A: The property of radicals states that $\sqrt{ab} = \sqrt{a} \cdot \sqrt{b}$. This means that we can simplify a product of numbers and variables under a radical sign by taking the square root of each factor separately.

Q: How do I apply the property of radicals?

A: To apply the property of radicals, you need to factor the expression under the radical sign into its prime factors. Then, take the square root of each factor separately and combine them.

Q: What is the difference between $\sqrt{x^4}$ and $x^2$?

A: $\sqrt{x^4}$ and $x^2$ are not the same thing. $\sqrt{x^4}$ is the square root of $x^4$, which is equal to $x^2$. However, $x^2$ is simply $x$ squared, not the square root of $x$.

Q: How do I simplify a radical expression?

A: To simplify a radical expression, you need to apply the property of radicals and simplify each radical separately. You can use the following steps:

1. Factor the expression under the radical sign into its prime factors.
2. Take the square root of each factor separately.
3. Combine the simplified radicals.

Q: What is the correct simplification of $\sqrt{75 x^5 y^8}$?

A: The correct simplification of $\sqrt{75 x^5 y^8}$ is $5 x^2 y^4 \sqrt{3 x}$.

Q: What are some common mistakes to avoid when simplifying algebraic expressions?

A: Some common mistakes to avoid when simplifying algebraic expressions include:

• Incorrectly applying the property of radicals.
• Failing to simplify each radical.
• Not combining the simplified radicals correctly.

Q: How can I practice simplifying algebraic expressions?

A: You can practice simplifying algebraic expressions by trying the following problems:

• Simplify the expression $\sqrt{16 x^6 y^9}$.
• Simplify the expression $\sqrt{9 x^4 y^7}$.
• Simplify the expression $\sqrt{25 x^3 y^5}$.

Q: What are some real-world applications of simplifying algebraic expressions?
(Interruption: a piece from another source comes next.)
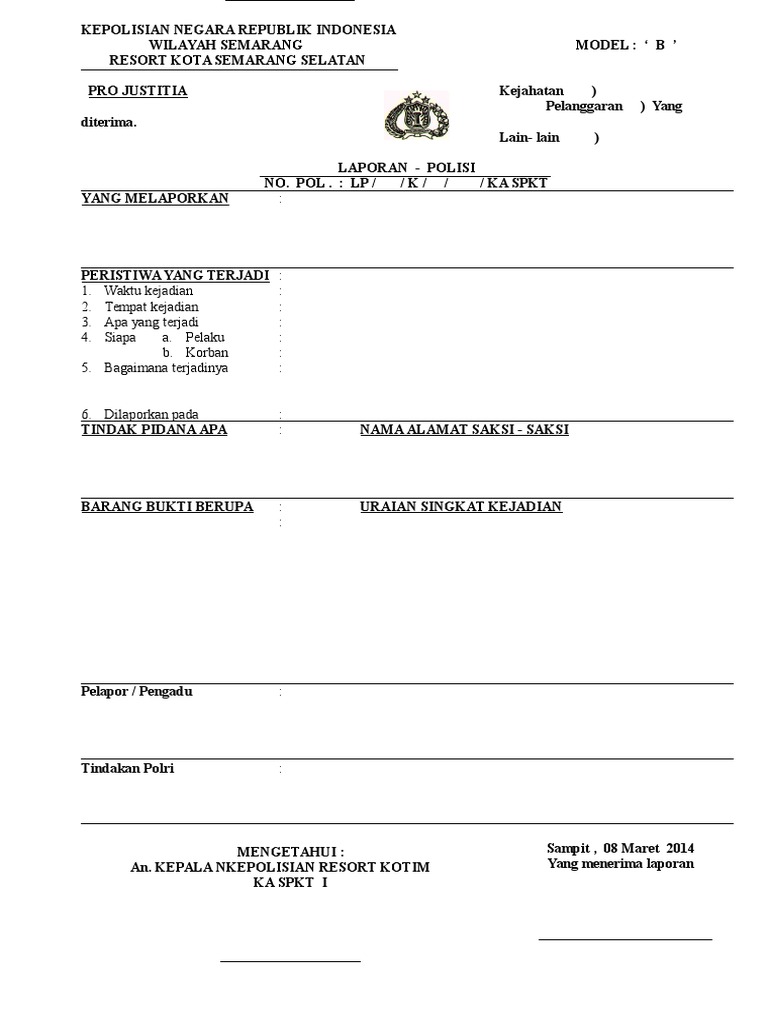 Analisis penyidikan dalam proses penangkapan dan penahanan. Cek contoh surat laporan kepolisian.contoh surat tanda bukti lapor kehilangan surat barang dari kepolisian vector photo logo inspiration surat. Meski tidak mendominasi, laporan tindakan kekerasan seperti penembakan, pemukulan saat penyidikan, kekerasan dalam penanganan demonstrasi, dan salah tangkap juga masih ada. Pembuatan laporan pengaduan polisi model b di sentra pelayanan kepolisian. Surat tanda terima laporan polisi (sttplp) surat pemberitahuan perkembangan hasil penyidikan (sp2hp) surat keterangan catatan kepolisian (skck) untuk mencabut laporan kepolisian hanya dapat dilakukan.

A: Simplifying algebraic expressions has many real-world applications, including:

• Calculating distances and velocities in physics.
• Modeling population growth and decay in biology.
• Solving optimization problems in economics.

Conclusion

In conclusion, simplifying algebraic expressions is a crucial skill in mathematics. By understanding the properties of radicals and applying them correctly, you can simplify expressions like $\sqrt{75 x^5 y^8}$. Remember to avoid common mistakes and practice simplifying expressions to improve your skills.

Additional Resources

For more information on simplifying algebraic expressions, check out the following resources:

• Khan Academy: Simplifying Radical Expressions
• Mathway: Simplifying Radical Expressions
• Wolfram Alpha: Simplifying Radical Expressions

By using these resources, you can improve your skills in simplifying algebraic expressions and apply them to real-world problems.